**Provided records:**
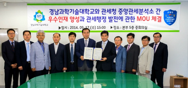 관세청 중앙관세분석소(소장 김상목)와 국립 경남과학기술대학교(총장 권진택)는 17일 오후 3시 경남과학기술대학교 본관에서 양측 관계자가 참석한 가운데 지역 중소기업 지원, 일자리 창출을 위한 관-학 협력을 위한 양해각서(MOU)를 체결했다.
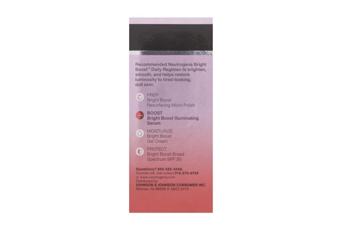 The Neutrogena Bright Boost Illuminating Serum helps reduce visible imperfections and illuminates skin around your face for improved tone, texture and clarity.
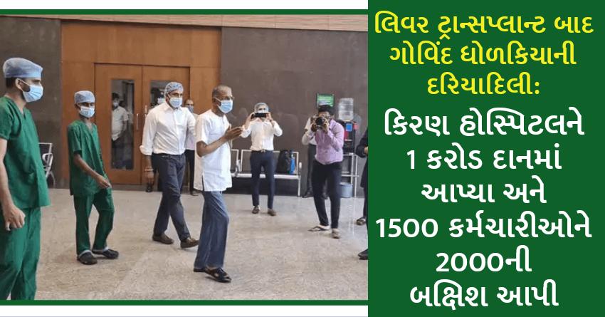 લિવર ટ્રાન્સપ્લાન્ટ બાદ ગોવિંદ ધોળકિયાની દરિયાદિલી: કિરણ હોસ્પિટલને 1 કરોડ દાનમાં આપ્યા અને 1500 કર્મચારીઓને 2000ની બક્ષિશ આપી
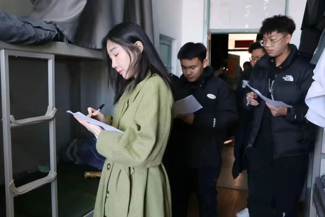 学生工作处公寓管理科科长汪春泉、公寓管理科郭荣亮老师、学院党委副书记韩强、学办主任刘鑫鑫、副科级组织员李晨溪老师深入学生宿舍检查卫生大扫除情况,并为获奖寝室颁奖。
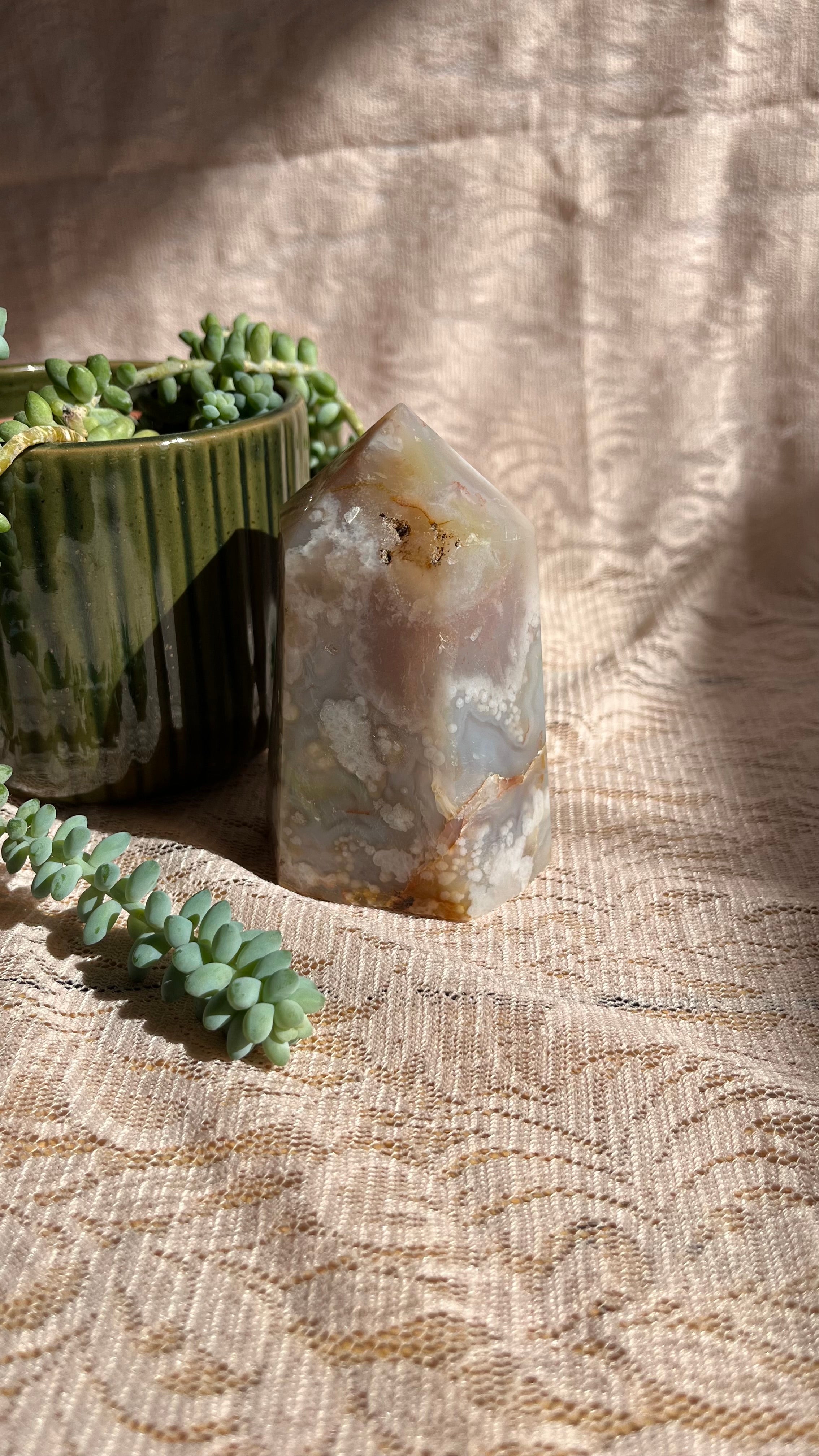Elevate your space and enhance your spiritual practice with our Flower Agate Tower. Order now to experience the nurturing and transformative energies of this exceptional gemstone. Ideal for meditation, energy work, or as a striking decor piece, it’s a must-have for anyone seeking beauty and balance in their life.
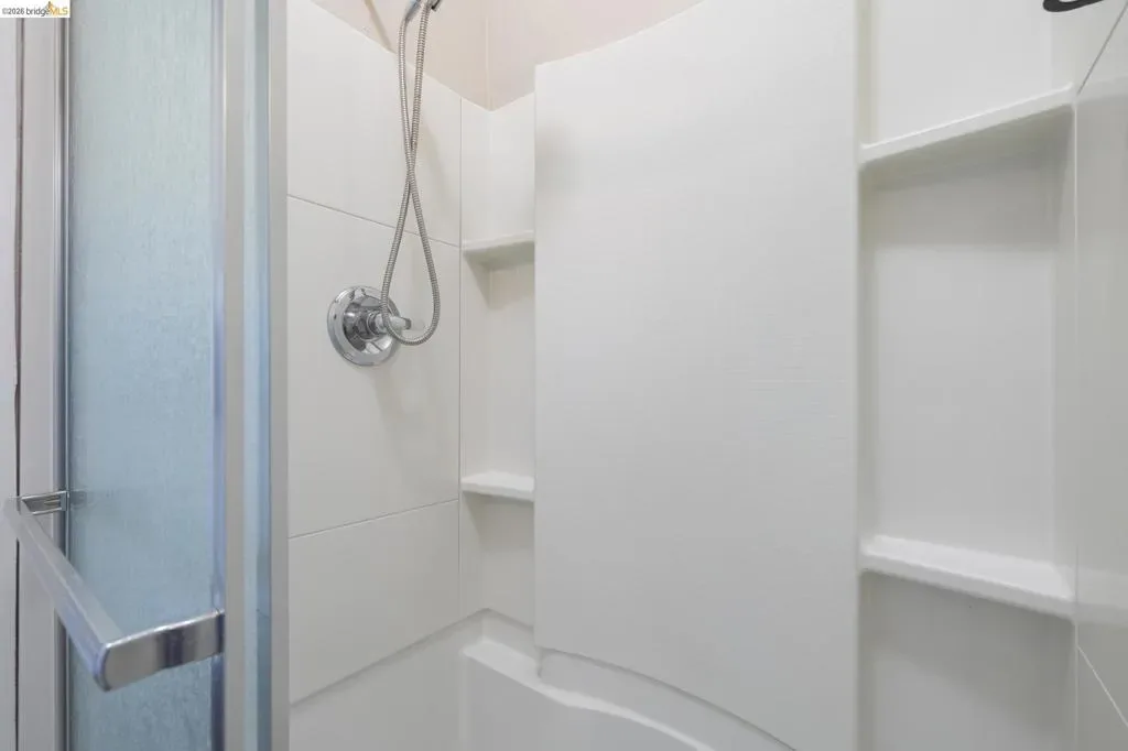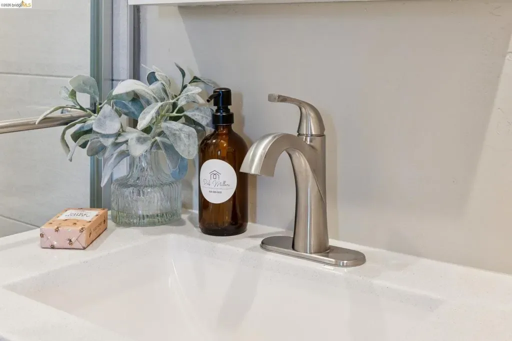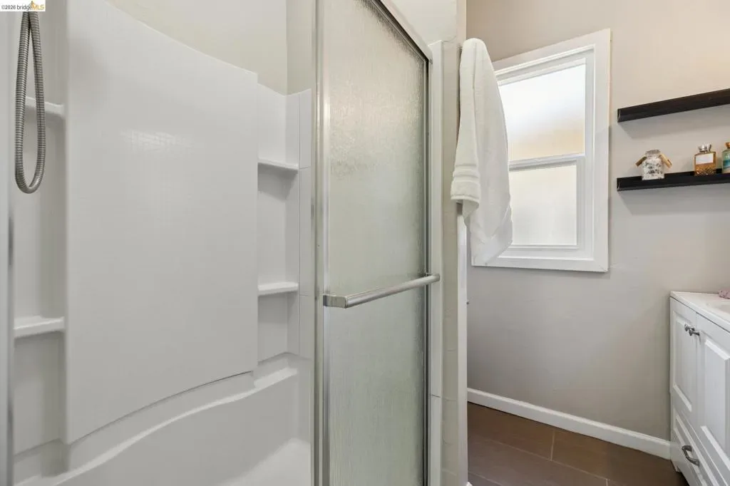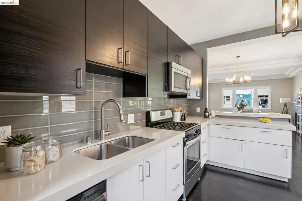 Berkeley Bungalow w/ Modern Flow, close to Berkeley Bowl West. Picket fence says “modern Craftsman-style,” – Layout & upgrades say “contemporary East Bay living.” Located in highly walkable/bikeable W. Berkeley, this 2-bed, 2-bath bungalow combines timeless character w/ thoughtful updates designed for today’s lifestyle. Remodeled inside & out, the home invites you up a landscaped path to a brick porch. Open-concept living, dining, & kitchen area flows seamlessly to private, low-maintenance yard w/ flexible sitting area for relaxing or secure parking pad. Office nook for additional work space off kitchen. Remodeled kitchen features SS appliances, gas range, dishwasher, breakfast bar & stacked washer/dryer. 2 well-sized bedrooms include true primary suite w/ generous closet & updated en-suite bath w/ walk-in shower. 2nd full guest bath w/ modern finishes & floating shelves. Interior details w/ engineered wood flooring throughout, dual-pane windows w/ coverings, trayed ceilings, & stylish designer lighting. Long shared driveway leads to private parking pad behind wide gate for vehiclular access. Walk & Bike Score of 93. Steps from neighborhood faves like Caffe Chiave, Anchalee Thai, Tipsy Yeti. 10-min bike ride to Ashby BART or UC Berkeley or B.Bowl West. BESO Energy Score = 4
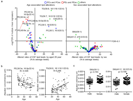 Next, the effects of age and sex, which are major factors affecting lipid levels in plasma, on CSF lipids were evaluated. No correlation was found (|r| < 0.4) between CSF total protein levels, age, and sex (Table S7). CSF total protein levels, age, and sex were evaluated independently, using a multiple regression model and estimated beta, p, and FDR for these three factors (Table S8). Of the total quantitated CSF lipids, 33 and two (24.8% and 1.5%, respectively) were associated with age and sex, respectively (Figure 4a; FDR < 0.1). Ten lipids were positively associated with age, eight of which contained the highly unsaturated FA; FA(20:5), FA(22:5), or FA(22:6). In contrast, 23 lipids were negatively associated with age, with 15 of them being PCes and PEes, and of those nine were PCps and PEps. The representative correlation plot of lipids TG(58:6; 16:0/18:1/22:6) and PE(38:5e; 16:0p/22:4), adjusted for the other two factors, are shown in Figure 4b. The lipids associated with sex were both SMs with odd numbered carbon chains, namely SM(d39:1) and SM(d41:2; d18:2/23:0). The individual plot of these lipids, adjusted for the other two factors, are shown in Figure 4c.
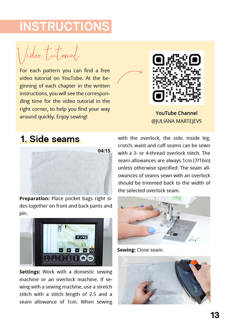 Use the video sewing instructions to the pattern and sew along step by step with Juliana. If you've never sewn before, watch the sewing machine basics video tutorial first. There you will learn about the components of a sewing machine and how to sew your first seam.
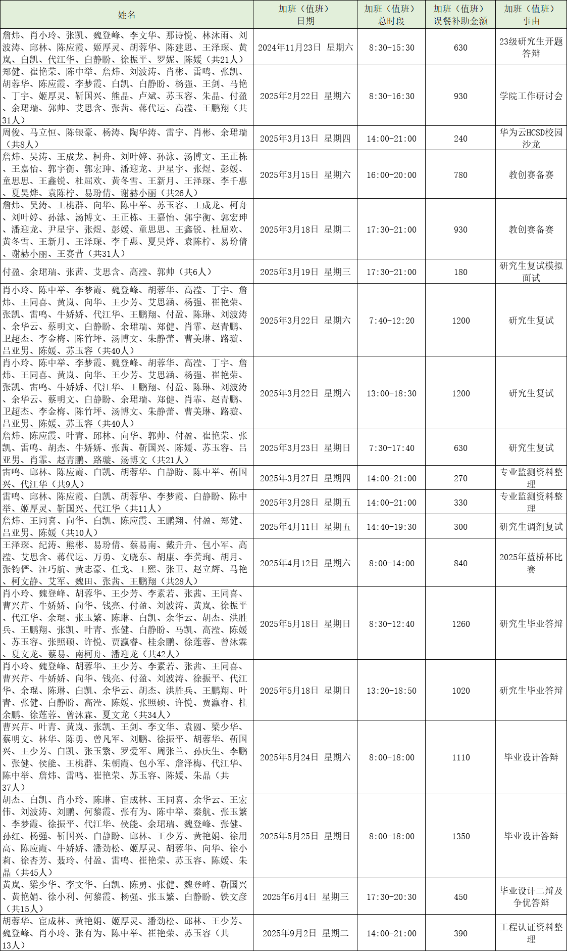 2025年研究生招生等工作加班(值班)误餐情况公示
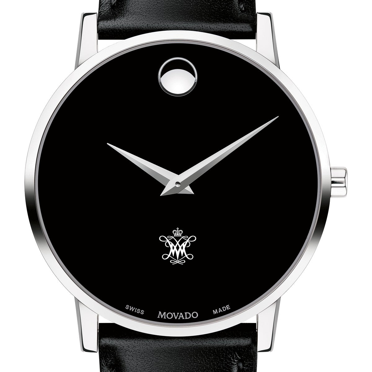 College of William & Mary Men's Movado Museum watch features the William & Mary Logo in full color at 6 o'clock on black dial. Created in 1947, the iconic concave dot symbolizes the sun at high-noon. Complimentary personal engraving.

**Work request:**
All lines from the beginning of the material above through the line holding "The Neutrogena Bright" are to be given again exactly, and no others; pictures do not go in.

**Exercise output:**
 관세청 중앙관세분석소(소장 김상목)와 국립 경남과학기술대학교(총장 권진택)는 17일 오후 3시 경남과학기술대학교 본관에서 양측 관계자가 참석한 가운데 지역 중소기업 지원, 일자리 창출을 위한 관-학 협력을 위한 양해각서(MOU)를 체결했다.
 The Neutrogena Bright Boost Illuminating Serum helps reduce visible imperfections and illuminates skin around your face for improved tone, texture and clarity.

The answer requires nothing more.